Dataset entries
- - -
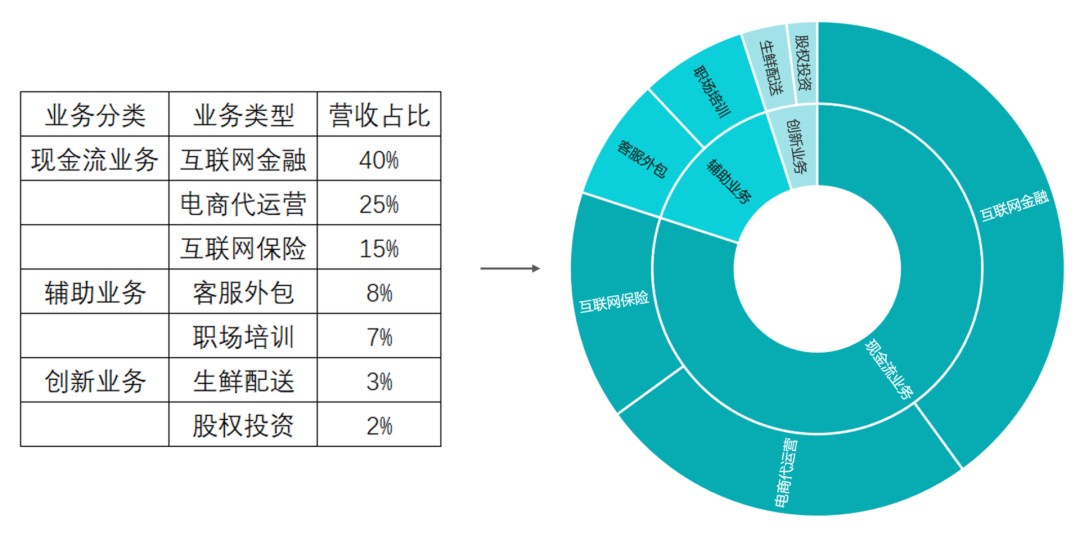 对公司业务类型进行梳理,用旭日图可展现每种业务的分类,以及营收占比情况:
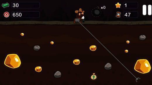 1、操作简单,钩子摇摆时,瞄准金子,点击屏幕就会放出钩子抓取。
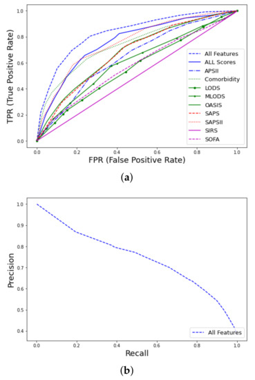 Receiver operating characteristic (ROC) curves for early mortality in ICU patients with thrombosis from MIMIC-III database using all features: (a) curves and comparison with traditional scores (APS, Acute Physiology Score; LODS, Logistic Organ Dysfunction Score; MLODS, Multiple Logistic Organ Dysfunction Score; OASIS, Outcome and Assessment Information Set; SAPS, Simplified Acute Physiology Score; SIRS, Systemic Inflammatory Response Syndrome; SOFA, Sequential Organ Failure), (b) Precision–recall (PR) curve.
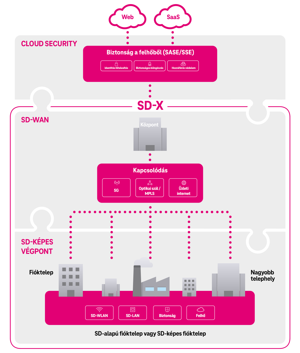 Dinamikusan bővíthető hálózat: az SD-X megoldás lehetővé teszi, hogy könnyedén bővítsék hálózatukat új helyszínek és telephelyek hozzáadásával.
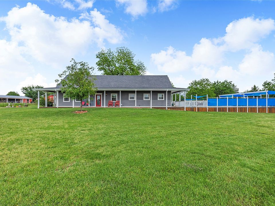 Welcome to your dream mini ranch home nestled on 12.84,ag exempt acres in the highly sought-after Miller Grove School District! This stunning property features 2607 sq ft in the main home with 3 spacious bedrooms and 2 well-appointed baths, designed with an open floor plan that seamlessly connects the living, dining, and kitchen areas. The large kitchen island is perfect for entertaining, while the butler's pantry provides additional storage and prep space.
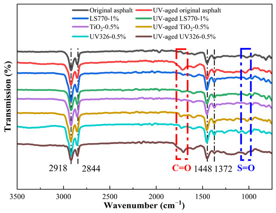 FTIR is commonly utilized to explore the functional group aging index of aged asphalt, providing a quantitative analysis of asphalt aging from a microscopic perspective. By detecting changes in specific functional groups, such as C=O and S=O groups, FTIR helps measure the extent of UV aging within the asphalt binder. FTIR tests were conducted on anti-UV aging agent-modified asphalt with recommended additive dosages, and the results are shown in Figure 10 and Figure 11.
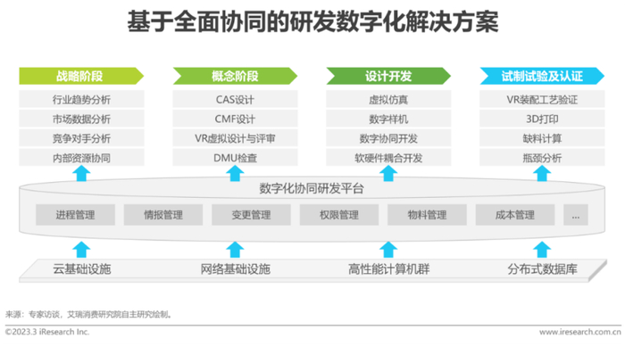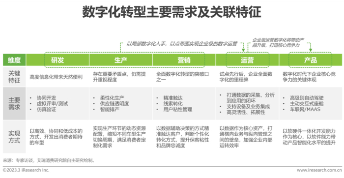 据艾瑞数智研究,汽车行业价值体系重塑,将全面推进汽车行业的数字化转型,主要体现在:①研发端:全流程协同研发助力企业缩短决策链,实现研发流程变革。②生产端:全链路智能制造方案成效显著,部分核心问题仍有待解决。③营销端:全场景营销助力挖掘用户生命周期中的长期价值。④运营端:以数据作为核心资产,以服务客户为关键驱动的端到端企业级数字化决策平台。⑤架构端:功能域集成势头正盛,中央计算单元将满足未来智能化趋势。⑥通信端:在5G-A通感一体化趋势下,汽车向移动智能终端持续演进。
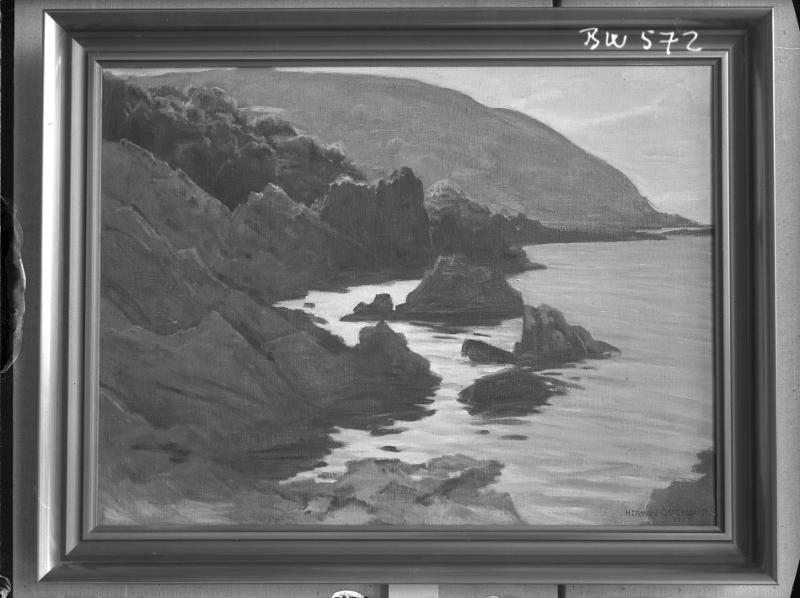• Havsstrand, klippor - olja, sign. Herman Österlund, 1939.
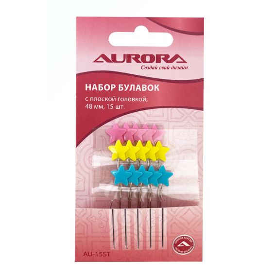 Aurora Набор булавок звёздочка 15шт 48мм разноцветные
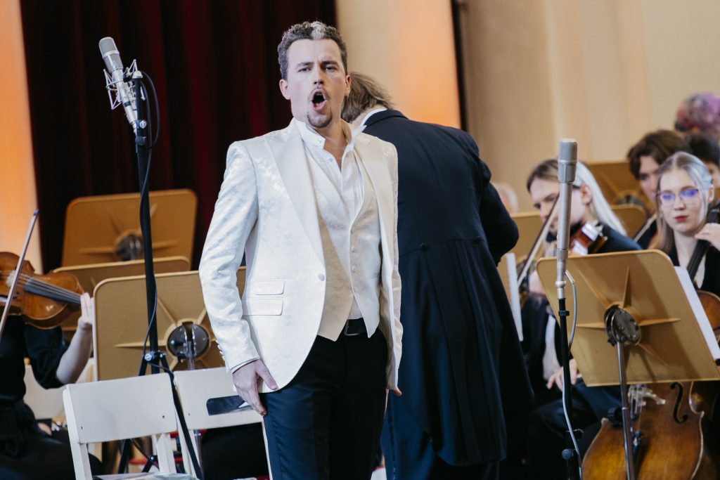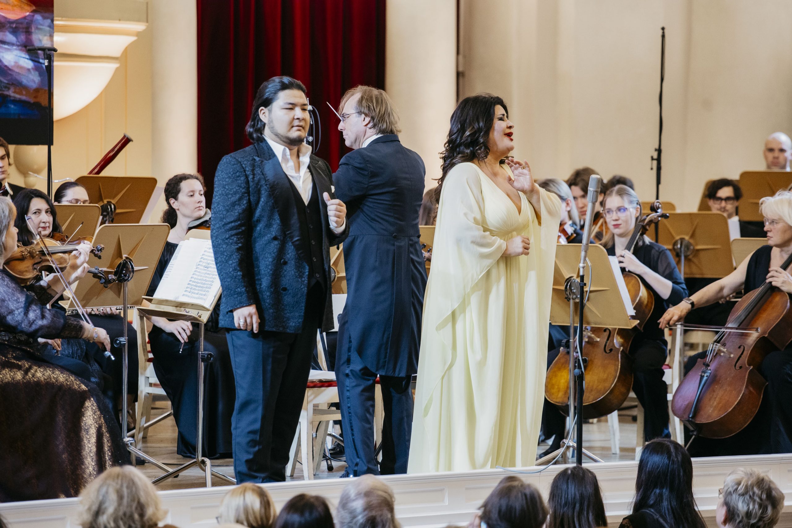 Баритон Мягмарсурэн Хурэлбаатар из Монголии выступил с арией Ренато из оперы «Бал-маскарад» – выбор, безусловно, хороший, для того чтобы показать и героическую, и лирическую грани образа, но певцу не удалось «дожать» их до убедительности. Помешало восприятию и не совсем четкое вступление оркестра – а ведь в этой арии чеканность ритма является стержнем и для певца. Вдохновенным получился Герцог из «Риголетто» в исполнении тенора Тихона Горячева, владельца почти «итальянского», с надрывом, тембра и явного любимца публики. Певец избрал удачный для себя номер – не драматический, но лирический, мягкий – и звучал в нем очень уверенно. Баритон из Казахстана Алихан Бейсеков, обладатель Гран-при конкурса молодых оперных певцов имени Лемешева, решил попытать счастья и здесь. Спойлер: не прогадал. Сцена смерти Родриго из «Дона Карлоса» прозвучала очень достойно и зрело: помимо богатых голосовых данных (какие насыщенные верхние ноты!) видно, что певец очень вдумчивый.
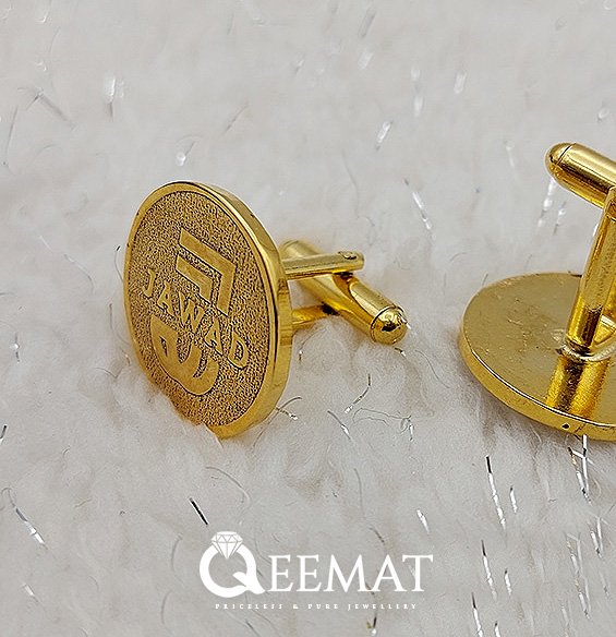 A circular Pair of Engraved Cufflinks for Men in Golden Color
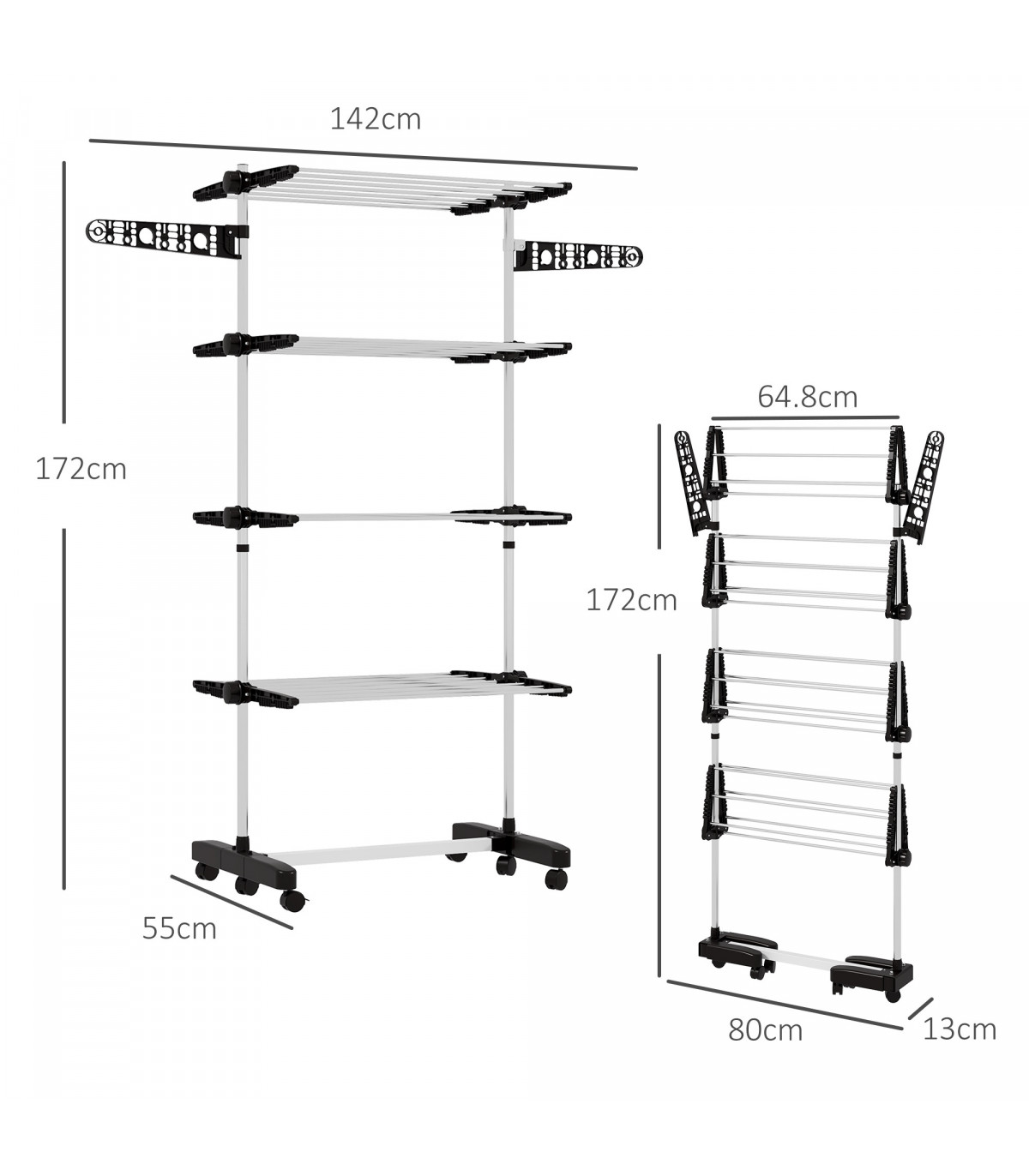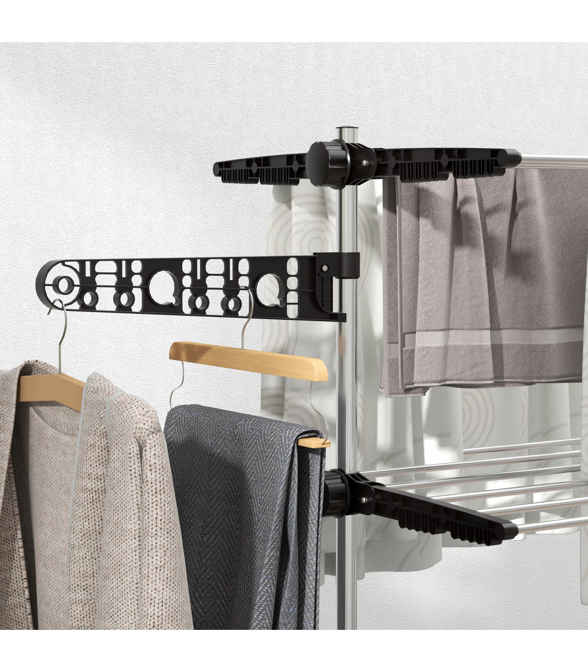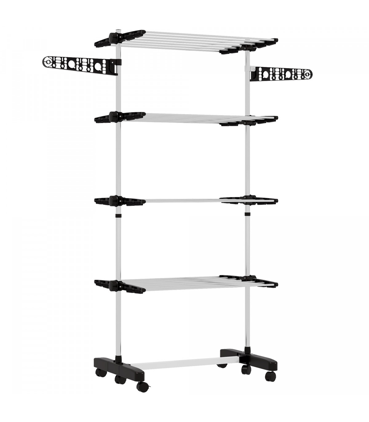 ● Folding down shelves, rotatable arms and inwards-folding legs: air dryer stores away easily
- - -
## What you have to do
Return the records above exactly, without the pictures.

## Exercise answer
 对公司业务类型进行梳理,用旭日图可展现每种业务的分类,以及营收占比情况:
 1、操作简单,钩子摇摆时,瞄准金子,点击屏幕就会放出钩子抓取。
 Receiver operating characteristic (ROC) curves for early mortality in ICU patients with thrombosis from MIMIC-III database using all features: (a) curves and comparison with traditional scores (APS, Acute Physiology Score; LODS, Logistic Organ Dysfunction Score; MLODS, Multiple Logistic Organ Dysfunction Score; OASIS, Outcome and Assessment Information Set; SAPS, Simplified Acute Physiology Score; SIRS, Systemic Inflammatory Response Syndrome; SOFA, Sequential Organ Failure), (b) Precision–recall (PR) curve.
 Dinamikusan bővíthető hálózat: az SD-X megoldás lehetővé teszi, hogy könnyedén bővítsék hálózatukat új helyszínek és telephelyek hozzáadásával.
 Welcome to your dream mini ranch home nestled on 12.84,ag exempt acres in the highly sought-after Miller Grove School District! This stunning property features 2607 sq ft in the main home with 3 spacious bedrooms and 2 well-appointed baths, designed with an open floor plan that seamlessly connects the living, dining, and kitchen areas. The large kitchen island is perfect for entertaining, while the butler's pantry provides additional storage and prep space.
 FTIR is commonly utilized to explore the functional group aging index of aged asphalt, providing a quantitative analysis of asphalt aging from a microscopic perspective. By detecting changes in specific functional groups, such as C=O and S=O groups, FTIR helps measure the extent of UV aging within the asphalt binder. FTIR tests were conducted on anti-UV aging agent-modified asphalt with recommended additive dosages, and the results are shown in Figure 10 and Figure 11.
 据艾瑞数智研究,汽车行业价值体系重塑,将全面推进汽车行业的数字化转型,主要体现在:①研发端:全流程协同研发助力企业缩短决策链,实现研发流程变革。②生产端:全链路智能制造方案成效显著,部分核心问题仍有待解决。③营销端:全场景营销助力挖掘用户生命周期中的长期价值。④运营端:以数据作为核心资产,以服务客户为关键驱动的端到端企业级数字化决策平台。⑤架构端:功能域集成势头正盛,中央计算单元将满足未来智能化趋势。⑥通信端:在5G-A通感一体化趋势下,汽车向移动智能终端持续演进。
• Havsstrand, klippor - olja, sign. Herman Österlund, 1939.
 Aurora Набор булавок звёздочка 15шт 48мм разноцветные
 Баритон Мягмарсурэн Хурэлбаатар из Монголии выступил с арией Ренато из оперы «Бал-маскарад» – выбор, безусловно, хороший, для того чтобы показать и героическую, и лирическую грани образа, но певцу не удалось «дожать» их до убедительности. Помешало восприятию и не совсем четкое вступление оркестра – а ведь в этой арии чеканность ритма является стержнем и для певца. Вдохновенным получился Герцог из «Риголетто» в исполнении тенора Тихона Горячева, владельца почти «итальянского», с надрывом, тембра и явного любимца публики. Певец избрал удачный для себя номер – не драматический, но лирический, мягкий – и звучал в нем очень уверенно. Баритон из Казахстана Алихан Бейсеков, обладатель Гран-при конкурса молодых оперных певцов имени Лемешева, решил попытать счастья и здесь. Спойлер: не прогадал. Сцена смерти Родриго из «Дона Карлоса» прозвучала очень достойно и зрело: помимо богатых голосовых данных (какие насыщенные верхние ноты!) видно, что певец очень вдумчивый.
 A circular Pair of Engraved Cufflinks for Men in Golden Color
 ● Folding down shelves, rotatable arms and inwards-folding legs: air dryer stores away easily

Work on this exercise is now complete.